There was a solemn pause as we looked again at the holy object.

“Have you ever worn it?” asked Rachel.

Auntie Jackie shook her head. “Sadly, no.”

“Because it’s too precious?”

“No. Because I’m too bloody fat. Every time I try a new diet I think ‘I’ll be wearing Diana’s dress by Christmas!’ but it never happens.”

“It must be worth a fortune,” said Rachel wistfully She was probably thinking how much stuff she could get from Topshop if she put it on eBay

“Priceless,” Auntie Jackie agreed. “But I’ll never sell it. I could end up living in a cardboard box under the promenade, but I’ll still have my dress. They can bury me in it – it’ll probably fit me like a glove when I’ve died of starvation.”

“I wouldn’t sell it either,” I said. Although I’m the Sensible One, I do have a romantic streak.
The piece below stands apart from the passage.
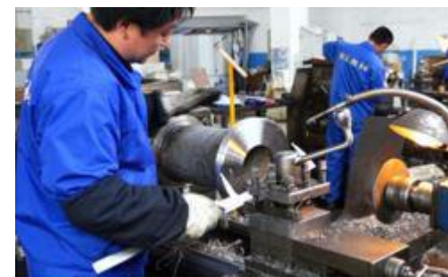
Fine process center

Auntie Jackie left us to unpack and “freshen up”, as she called it, while she put away her groceries and began to prepare dinner. I could hear her clattering around in the kitchen cupboards and singing along to the radio, while I hung my few decent clothes in the wardrobe. In the absence of any empty drawers, I left the rest in the bottom of the suitcase, which I pushed under the bed. Various other items from home – my clarinet, music stand, books, tennis racquet – I deposited around the room as though marking out my territory It was only now that I came to unpack that I realised how little I’d brought. We had left in too much of a hurry. The last item to be rehoused was a cream shawl, crocheted in softest baby wool, which I used to cover up a depressed-looking armchair. It was the only thing I owned that my mother had made especially for me, which made it even more priceless in its way than Princess Diana’s dress.